Gerade am Ende zeigt sich, dass Ellen mehr ist als nur eine Projektionsfläche für Konrads Fantasien. Sie wird zu einer Figur, die die Handlung mit einer unerwarteten Tragik bereichert.
Erzählweise und Stil
Hardinghaus schreibt flüssig, atmosphärisch und direkt. Die kurzen Kapitel und schnellen Szenenwechsel erzeugen eine Spannung, der man sich kaum entziehen kann. Besonders gelungen sind die Perspektivwechsel zwischen Echtner und Konrad, die den Leser immer wieder neu packen. Man weiß nie, welche Figur als Nächstes im Mittelpunkt steht, und genau diese Unberechenbarkeit macht den Reiz aus.

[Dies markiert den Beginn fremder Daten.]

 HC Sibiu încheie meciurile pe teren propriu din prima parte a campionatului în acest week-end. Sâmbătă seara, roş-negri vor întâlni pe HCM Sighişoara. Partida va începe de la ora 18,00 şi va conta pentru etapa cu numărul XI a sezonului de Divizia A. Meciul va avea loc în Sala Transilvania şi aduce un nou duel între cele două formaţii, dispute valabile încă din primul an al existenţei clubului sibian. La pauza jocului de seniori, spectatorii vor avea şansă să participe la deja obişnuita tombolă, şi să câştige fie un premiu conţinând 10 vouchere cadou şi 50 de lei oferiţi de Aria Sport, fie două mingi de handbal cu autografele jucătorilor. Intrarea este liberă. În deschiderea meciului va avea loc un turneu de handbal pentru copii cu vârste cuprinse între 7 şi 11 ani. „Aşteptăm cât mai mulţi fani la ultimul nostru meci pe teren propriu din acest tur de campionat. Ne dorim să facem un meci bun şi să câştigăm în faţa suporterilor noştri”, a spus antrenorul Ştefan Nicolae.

Auch kleine Spitzen im Text lockern die düstere Atmosphäre auf. Ein Beispiel ist die ironische Zuspitzung einer Genderdebatte, die mitten im Thriller für einen kurzen Moment Leichtigkeit sorgt: „Wie sieht es denn mit Rettungssanitäterinnen oder -sanitätern, Ärztinnen oder Ärzten, Polizistinnen oder Polizisten aus?“ – „Du meine Fresse, was für eine Emanze“, raunte Bärlein.

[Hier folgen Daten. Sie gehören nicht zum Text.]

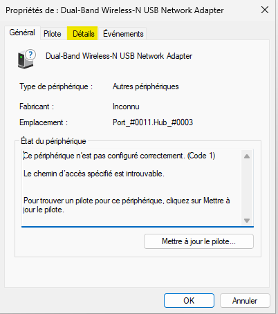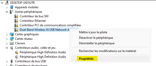 Effectuez un clic-droit sur le périphérique à identifier et sélectionnez Propriétés.
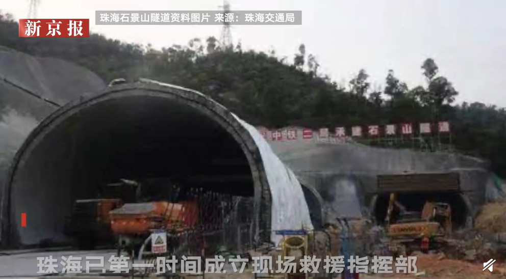 ▲廣東珠海一隧道工程發生意外,14名工人受困。(圖/翻攝新京報官微)
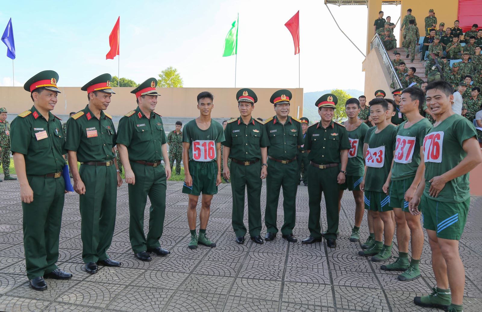 Trung tướng Nguyễn Hồng Thái, Tư lệnh Quân khu, Thiếu tướng Nguyễn Đình Chiêu, Phó chính ủy Quân khu trao cờ lưu niệm cho các đoàn tham gia hội thao.

Solche Momente zeigen, dass Hardinghaus nicht nur die Abgründe seiner Figuren auslotet, sondern auch gesellschaftliche Diskurse pointiert ins Absurde hebt. Generell ist der Sprachgebrauch vor allem bei den Ermitteln eher derb.

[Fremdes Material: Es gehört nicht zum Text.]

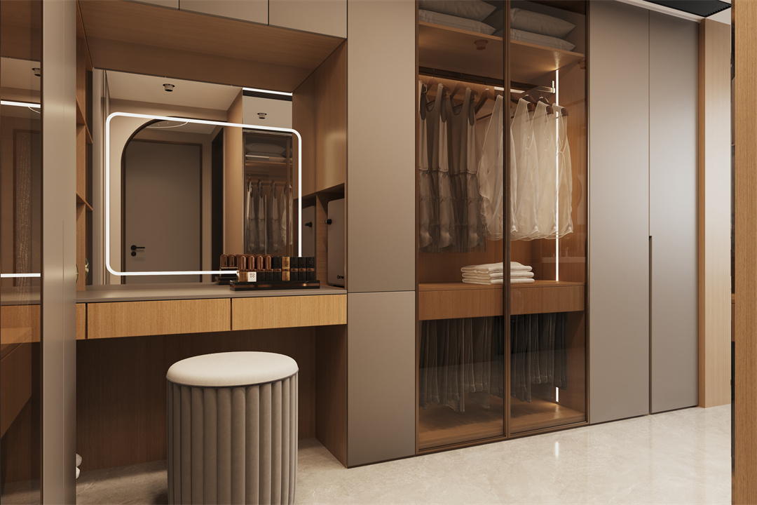 衣帽間是女主人最愛的空間,頂天立地的衣柜設(shè)計(jì),一字型拉手讓空間更顯簡(jiǎn)潔。
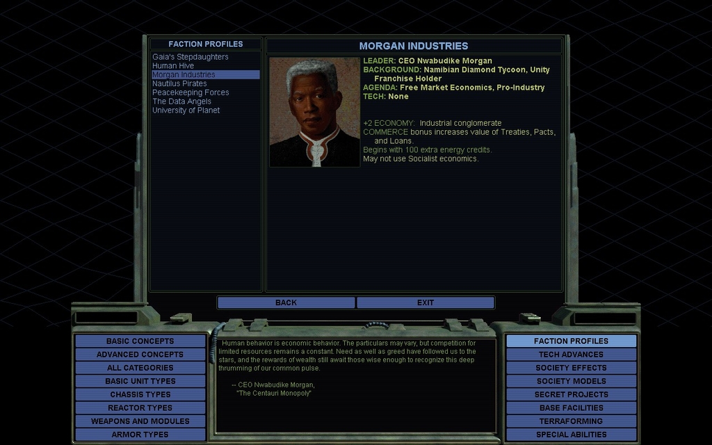 Huge map, 30%..50% land mass with my large continents and large oceans, average settings.  Transcend difficulty, default Thinker mod cost_factor.  Thinker mod's faction placement algorithm disabled by setting faction_placement=0, as it has been unfair in every test game I've played. Random factions.  I draw Morgan, whose main ability is to make money.  The Gaians, Hive, Pirates, Peacekeepers, Data Angels, and University are in the game.  The Peacekeepers are really scary under Thinker mod because they start with +2 GROWTH, making it very easy for them to pop boom.  The game could be dominated by either them or the Pirates, and it would be wise to get them to fight.

Die Spannung bleibt über das gesamte Buch hinweg konstant hoch. Durch die wechselnden Perspektiven entsteht ein Rhythmus, der den Leser immer wieder neu fesselt. Besonders stark ist das Finale: Mit dem Twist am Ende hätte ich niemals gerechnet. Hardinghaus gelingt es, alle losen Fäden zusammenzuführen und ein Ende zu präsentieren, das gleichermaßen schockierend wie stimmig ist – und irgendwie dann doch auch traurig.
Fazit
Der Inspektor ist ein Psychothriller, der nicht nur durch seine brutale Ausgangslage fesselt, sondern vor allem durch die psychologische Tiefe seiner Figuren und die ungewöhnliche Rollenverteilung überzeugt. Echtner ist der Ermittler, der gefallen ist, getrieben von dem Drang, sich selbst zu beweisen, während Konrad als Täter fast kontrolliert und zielgerichtet wirkt. Ellen, zunächst nur eine Nebenfigur, erhält am Ende eine tragende Rolle, die die Geschichte bereichert und ihr zusätzliche Tragik verleiht.
Ein fesselnder, vielschichtiger Thriller, der zeigt, dass Genre-Literatur nicht nur Spannung, sondern auch psychologische Tiefe und groteske Selbstinszenierung bieten kann.